Николай Всеволодович весел и
спокоен. Пётр Степанович, всеобщий примиритель, беседует с Варварой Петровной.
И вдруг раздаётся истерический смех Лизы, которая смеялась «сначала тихо,
порывисто, но смех разрастался всё более, громче и явственнее». Болезненный
смех сменился объятиями, поцелуями, хохотом и плачем. Около Лизы с матерью
остановился Пётр Степанович и начал быстрый и весёлый разговор. И только в этот
момент Николай Всеволодович подходит к Дарье Павловне поздравить её.
Развитие сюжета романа
выходит на новый виток. Соотношение временных пластов определяет
пространственно-временную структуру этого произведения Ф.М. Достоевского.
Письма, полученные Петром Степановичем от отца с сообщением о женитьбе на
«чужих грехах, совершённых в Швейцарии», теперь призваны сыграть решающую роль
в ходе дальнейшего повествования.

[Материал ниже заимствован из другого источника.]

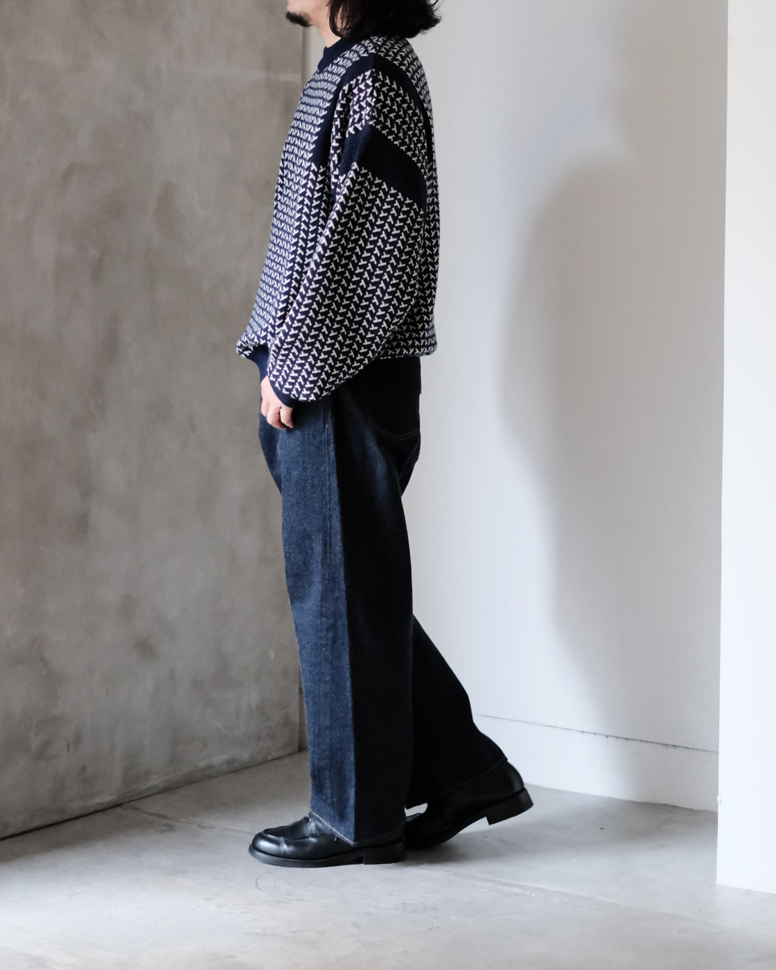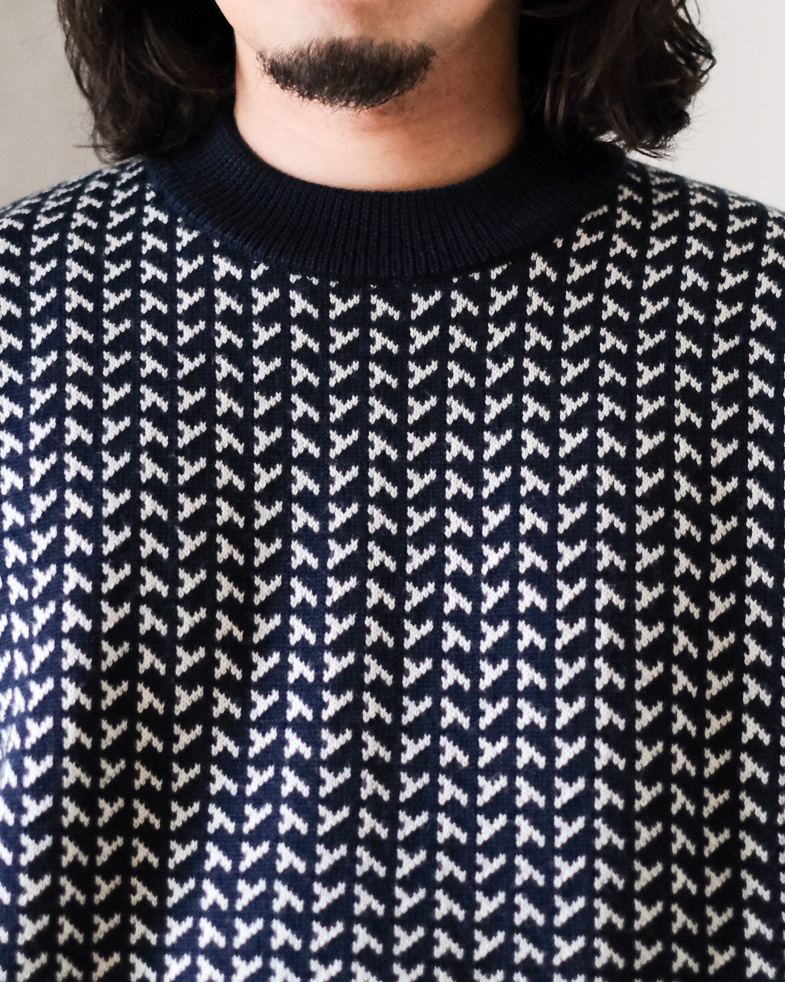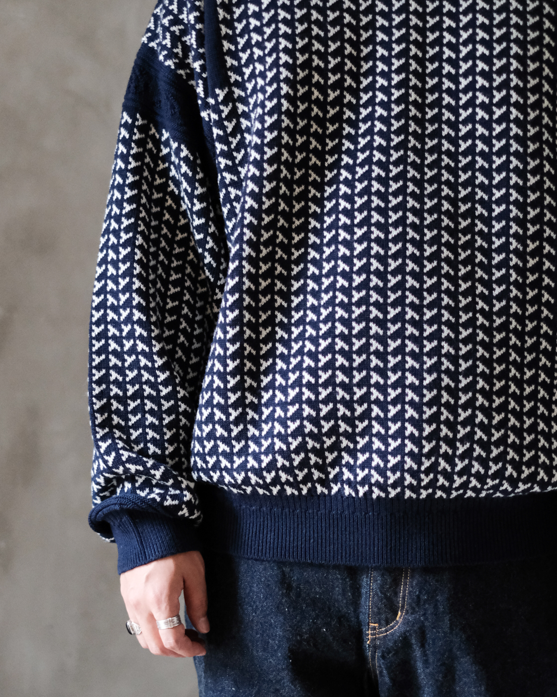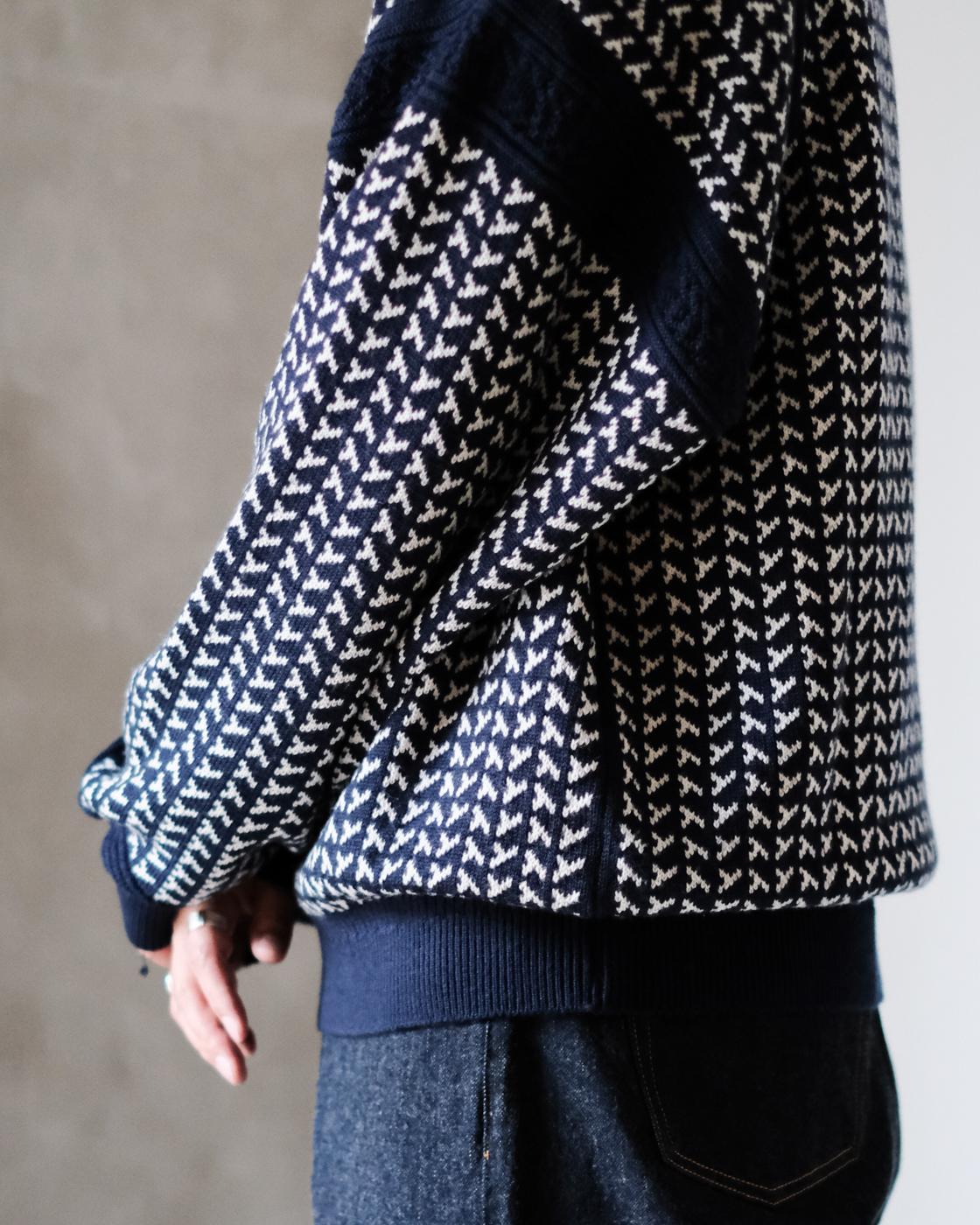 風もない静かな夜、雪がしんしんと降り積もる様子をイメージして編まれたシングルジャカードニットです。

Очень важную деталь подчеркивает рассказчик.
Пётр Степанович, начав говорить про письма, «как бы испугался», из чего следует
вывод, что проболтался он осознанно, и «ещё пуще заторопился». Очевидно, что он
играл какую-то роль, – приходит к выводу рассказчик («какую – не знал я
тогда»), но роль была сыграна слишком грубовато.
В этот день Степан
Трофимович пережил настоящее горе, вызванное поведением его сына, и «другое
горе … а именно язвительное собственное осознание в том, что он сподличал». На
протяжении этой главы персонажи дважды сравниваются с детьми. Последнее
обвинение бросает Пётр в лицо отцу: «Так мы мало того, что старые дети, мы ещё
злые дети?» И в этот момент – очередной, непредсказуемый поворот сюжета. Шатов,
неспешным, твёрдым шагом, подойдя к Николаю Всеволодовичу и прямо смотря ему в
лицо, изо всей силы ударил его кулаком по щеке. Сначала Николай Всеволодович
чуть-чуть усмехнулся, затем выражение дерзкого недоумения сменилось гневом, он
нахмурил брови, и вдруг… Раздался удар.
Прозаик вновь оттягивает
время объяснения и разборки. Да и будут ли они? Это была не обычная пощёчина
(фиксирует рассказчик), не ладонью, а всем кулаком, большим, веским, костлявым,
с рыжим пухом и с веснушками. Удар был настолько силен, что Николай
Всеволодович «сильно качнулся на месте». Мгновенный крик, непонятно чей («этого
не припомню» – пишет рассказчик), раздаётся после удара. «И всё тотчас опять
как бы замерло». Происшедшее воскрешается в воспоминаниях рассказчика. В то же время
он отмечает временной промежуток случившегося: вся сцена продолжалась не более
каких-нибудь десяти секунд.
Холодная, спокойная,
разумная злоба Николая Всеволодовича, «самая отвратительная и самая страшная»,
не терпящая оскорблений и заставившая бы убить своего противника тут же, по
мнению рассказчика, даже без вызова на дуэль, не находит выхода в этой сцене.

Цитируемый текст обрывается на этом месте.